Retype the data below exactly, skipping pictures.

▶ **Given material**:
··········

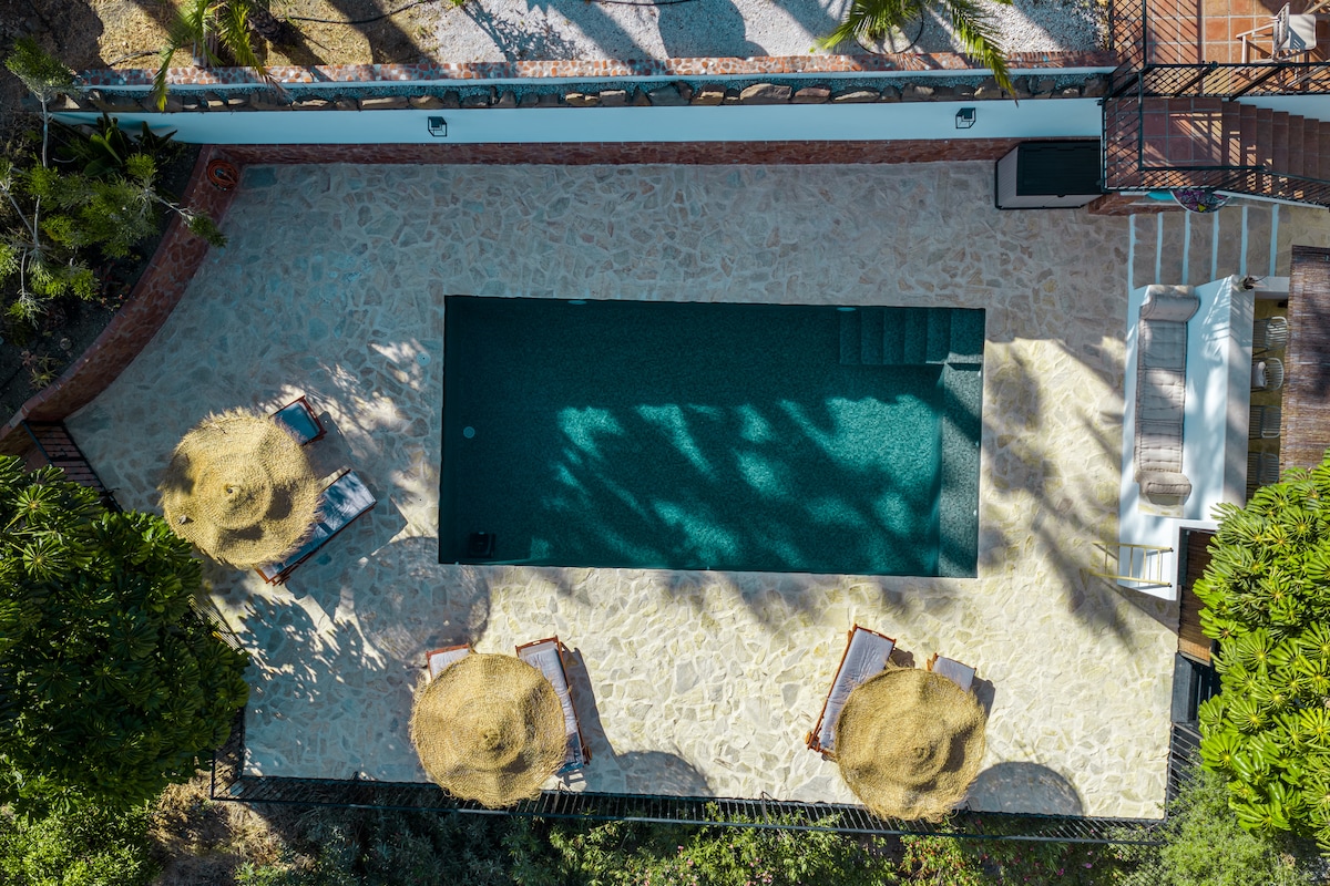 Tu lugar para el alma en Andalucía Un refugio idílico entre las montañas y el mar Disfruta de la piscina infinita, el gimnasio al aire libre, la terraza y un amplio jardín, perfecto para relajarte y recargar energías. Enclavado en un tranquilo entorno natural, podrás llegar a pintorescos pueblos blancos de montaña y a la playa en solo 20 minutos. De noviembre a marzo: el lugar perfecto para trabajar Ya sea para un año sabático o para teletrabajar, inspírate con unas vistas impresionantes y una conexión wifi rápida.
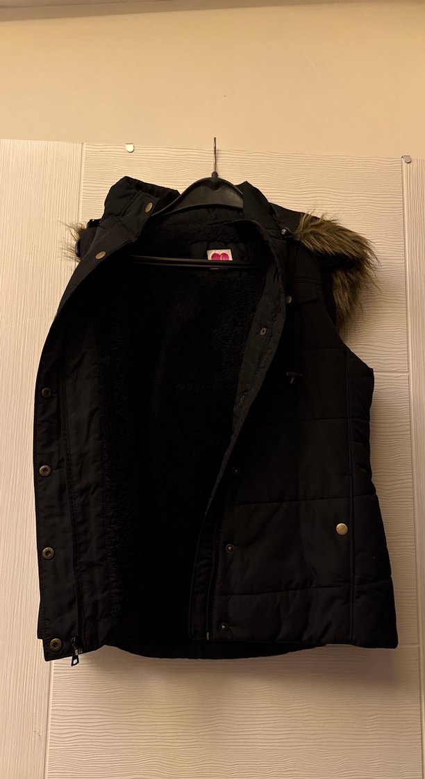Kürk detaylı, siyah, kolsuz yelek. Yumuşak ve sıcak kumaştan, notched lapel yakalı, midi boy ve fitted kesim sokak tarzı için uygun.
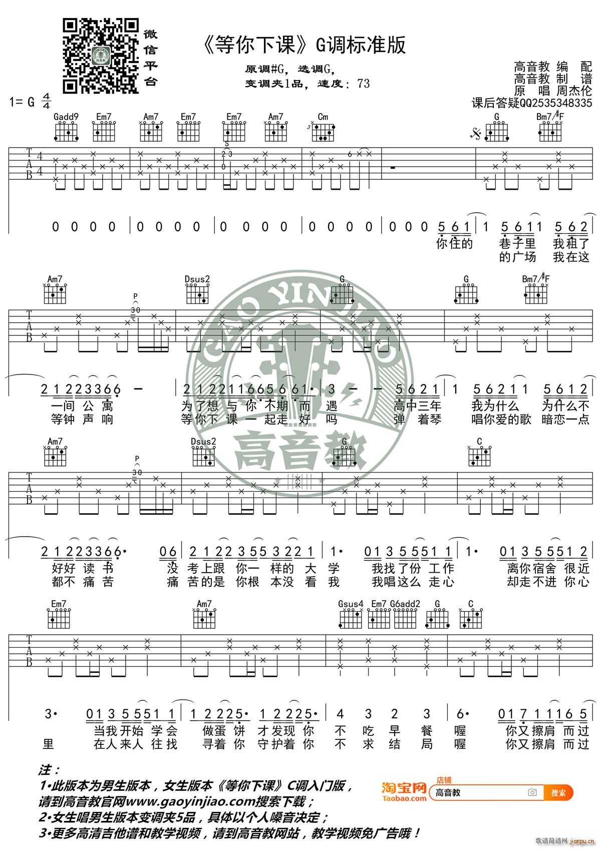 公众号:绵羊乐谱 《等你下课》 G调标准高清版 高音教编配免费弹唱吉他谱_六线谱/词曲:周杰伦 点击: 1000 图片可能经过缩放,手机长按或点开后长按保存,电脑鼠标右键保存. (网络) 公众号:绵羊乐谱 | 官方QQ群:978773290 不吃独食,学会分享!本文链接:http://www.shaomingyang.com/btb/34292.html 转载请标明出处,尊重原创(๑╹◡╹)ノ。如信息有误或版权疑问,请通过网站底部联系我们会第一时间处理,感谢理解支持(◕ᴗ◕✿)!
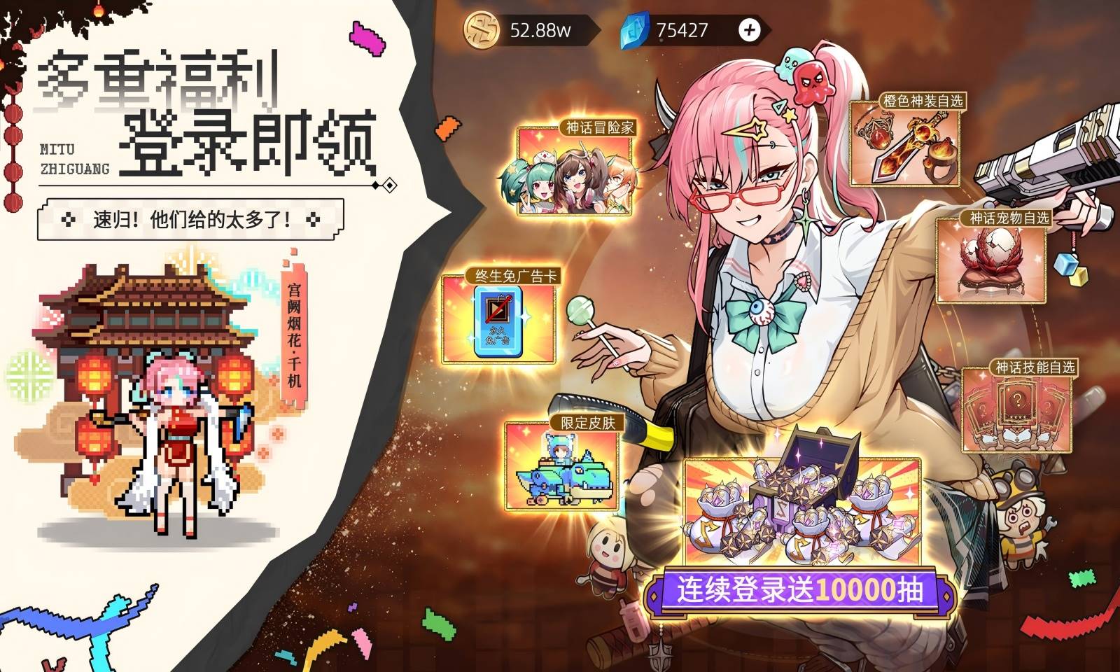 1.【重要更新】:- 新增冒险家【缠蝶丝奈流】,全新流派链接流登场;-新增8个全新技能!薪火相传、连锁反应、灵魂链等。技能限定UP池限时开启;-新增10全新神器,神器限定UP池限时开启;-开启【涅槃】全新赛季!新增10个全新涅槃技能,球形闪电、疯狂前雨等,70-1解锁;-开启 2 月【狂欢技】!新增生命之弧、脾气火爆、双赢、圣盾之剑等技能;-开启活动【春节大庆】!将赠送新冒险家、新技能、限定头像等奖励,2.4开启,8-5解锁;-开启活动【赶大集】,可兑换各类珍贵材料,包括秘银、龙鳞锤等。2.4开启,14-1解锁;-开启活动【每日红包】,每日超好运的红包免费领。2.4开启,14-1解锁;-开启活动【送送送】,免费好礼多天连续送。2.20开启,1-2解锁;-开启活动【达成礼】,消耗彩钻领取超多福利。2.4开启,1-2解锁;-开启活动【乐翻天】,将获得蓝钻等珍贵道具!2.15开启,9-1解锁;-上线新副本【合合牌】,迷途现在也能打牌了,非常早期beta测试阶段,38-1解锁;-奈流神话限定皮肤上线,2.4至2.23开启;-神话限定皮肤【烟火传奇流萤】返场,2.24至3.5开启。

··········

▶ **Solution to the problem**:
 Tu lugar para el alma en Andalucía Un refugio idílico entre las montañas y el mar Disfruta de la piscina infinita, el gimnasio al aire libre, la terraza y un amplio jardín, perfecto para relajarte y recargar energías. Enclavado en un tranquilo entorno natural, podrás llegar a pintorescos pueblos blancos de montaña y a la playa en solo 20 minutos. De noviembre a marzo: el lugar perfecto para trabajar Ya sea para un año sabático o para teletrabajar, inspírate con unas vistas impresionantes y una conexión wifi rápida.
Kürk detaylı, siyah, kolsuz yelek. Yumuşak ve sıcak kumaştan, notched lapel yakalı, midi boy ve fitted kesim sokak tarzı için uygun.
 公众号:绵羊乐谱 《等你下课》 G调标准高清版 高音教编配免费弹唱吉他谱_六线谱/词曲:周杰伦 点击: 1000 图片可能经过缩放,手机长按或点开后长按保存,电脑鼠标右键保存. (网络) 公众号:绵羊乐谱 | 官方QQ群:978773290 不吃独食,学会分享!本文链接:http://www.shaomingyang.com/btb/34292.html 转载请标明出处,尊重原创(๑╹◡╹)ノ。如信息有误或版权疑问,请通过网站底部联系我们会第一时间处理,感谢理解支持(◕ᴗ◕✿)!
 1.【重要更新】:- 新增冒险家【缠蝶丝奈流】,全新流派链接流登场;-新增8个全新技能!薪火相传、连锁反应、灵魂链等。技能限定UP池限时开启;-新增10全新神器,神器限定UP池限时开启;-开启【涅槃】全新赛季!新增10个全新涅槃技能,球形闪电、疯狂前雨等,70-1解锁;-开启 2 月【狂欢技】!新增生命之弧、脾气火爆、双赢、圣盾之剑等技能;-开启活动【春节大庆】!将赠送新冒险家、新技能、限定头像等奖励,2.4开启,8-5解锁;-开启活动【赶大集】,可兑换各类珍贵材料,包括秘银、龙鳞锤等。2.4开启,14-1解锁;-开启活动【每日红包】,每日超好运的红包免费领。2.4开启,14-1解锁;-开启活动【送送送】,免费好礼多天连续送。2.20开启,1-2解锁;-开启活动【达成礼】,消耗彩钻领取超多福利。2.4开启,1-2解锁;-开启活动【乐翻天】,将获得蓝钻等珍贵道具!2.15开启,9-1解锁;-上线新副本【合合牌】,迷途现在也能打牌了,非常早期beta测试阶段,38-1解锁;-奈流神话限定皮肤上线,2.4至2.23开启;-神话限定皮肤【烟火传奇流萤】返场,2.24至3.5开启。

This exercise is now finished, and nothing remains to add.